DH and I were still nervous so we called my doc and they wanted me to come in at 2:45. We did another NST and it was much better than the one on Tuesday. The docs were both running late – they were doing a c-section (boy girl twins that were a result of IF treatment) – so Dh and I took a break and got some ice cream and ended up finding the BornFree bottles we wanted at Whole Foods.

Anyway, the docs discovered that my bp had responded too well to treatment and was now too low. The lower BP was apparently lowering what he was getting through the umbilical cord, which was thought to be causing his decreased movement. We worked out a treatment plan to find a happy medium – test BP three times a day. If it dips to 100/70 or below, skip mythldopa for the day. If it is 140/90 twice, six hours apart, take the second dose. Otherwise I am to stick with one dose each day.

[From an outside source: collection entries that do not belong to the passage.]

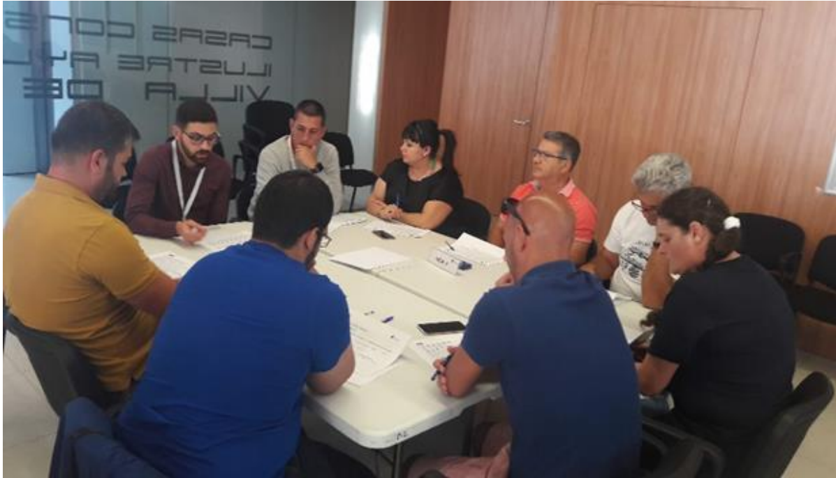
Figura 6. Componentes de la Mesa 4.

Tras la puesta en común de las diferentes opiniones de los participantes, por parte de este grupo se seleccionan las acciones siguientes como las de más alta prioridad para implantar en el municipio:
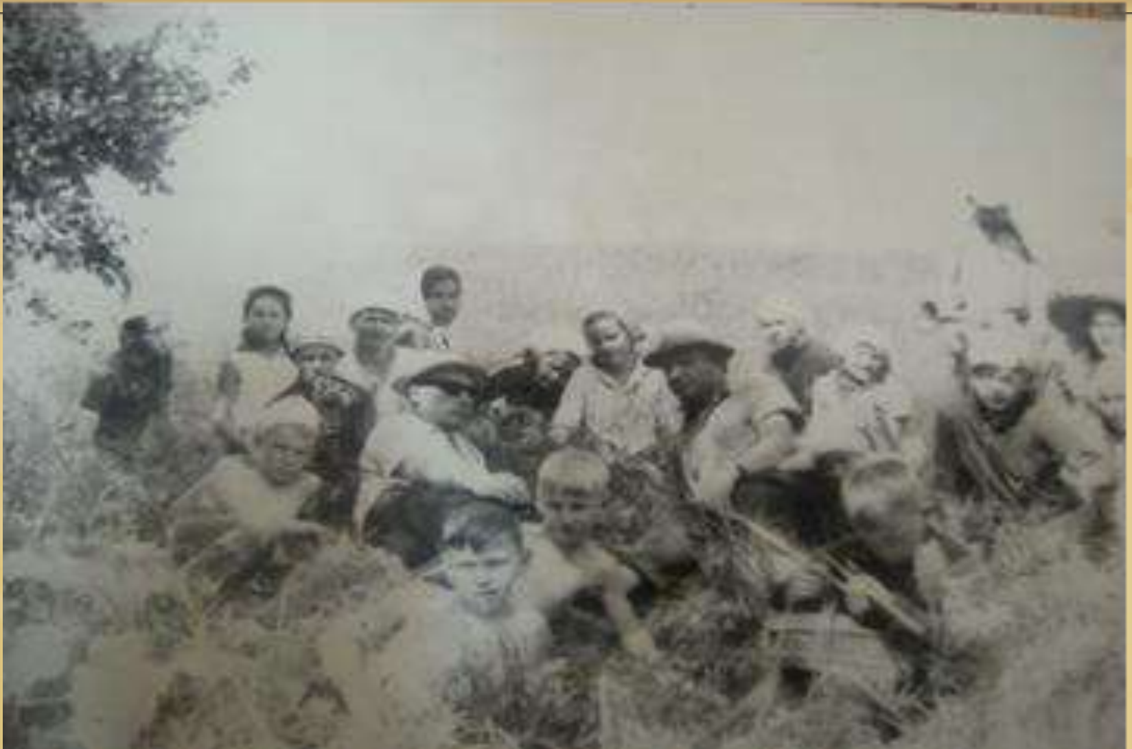
Раскопки на «Добрыне острове»
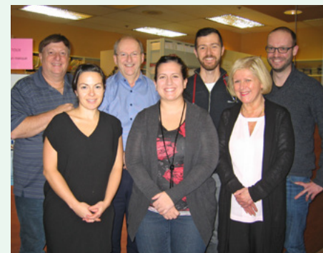
L'équipe médicale de la Coopérative de Solidarité Santé Shawinigan

La Caisse s'est associée à la coopérative de santé dans le cadre d'un projet d'acquisition d'équipements médicaux et l'embauche d'un médecin supplémentaire, en mesure de répondre à plus de 500 nouveaux patients. La Coopérative de Solidarité Santé Shawinigan compte près de 5 000 membres.
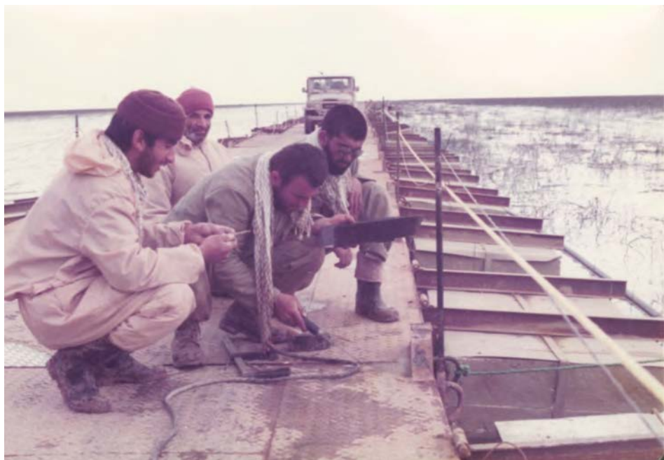
ساخت پل شناور خیبر بر روی هور العظیم یکی از شاهکارهای مهندسی رزمی جهادگران در دوران دفاع مقدس بود.

بیشترین حضور مردمی در صحنه‌های نبرد در قالب نیروهای بسیجی و جهاد سازندگی انجام گرفت. نیروهای مردمی در کنار دیگر نیروهای نظامی کمک فراوانی در پیشبرد جنگ و کسب پیروزی در نبردهای زمینی داشتند. از میان نیروهای مردمی که از همان آغاز جنگ در جبهه‌ها وارد رزم شدند سه گروه شاخص بودند: گروه جنگ‌های نامنظم شهید مصطفی چمران که در سال دوم جنگ به سپاه پاسداران پیوست؛ نیروهای بسیج که در قالب یگان‌های سپاه وارد صحنه نبرد شدند و در نهایت جهادگران جهاد سازندگی که برای انجام اقدامات متنوع مهندسی و مهندسی رزمی و ساخت مواضع و زدن خاکریز به جبهه آمدند.
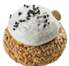
CHOUX PLEINE LUNE 3€

Today I was back on the Penninsula for a growth scan. The kind folks at the fetal diagnostics center said he looks good – all measurements where in line with his gestational age and now weighs almost 5 lbs now. Yay! His fluid is the same as it has been for over two weeks, 6.7. His umbilical cord pressure also looks good. The doc there decided they would like me to come see them once a week for AFI/NSTs in addition to the one a week visits and AFI/NSTs at my Obs office. So from here on out we’ll be getting twice weekly scheduled checks. All the driving (25 miles each way to each appointment) is a drag but the peace of mind is worth it. The hospital OB also thinks I should get steroid shots soon – like at my next appointment. I guess we’ll see about that on Tuesday.

My ILs are coming for a visit tomorrow. I had to let them know I’m not up to my usual amount of activity or hosting capabilities but it will be nice to see them anyway.

So, we are hanging in there. And he’ll be here before we know it. It still feels like a fantasy. Even though I get to see him at least twice a week.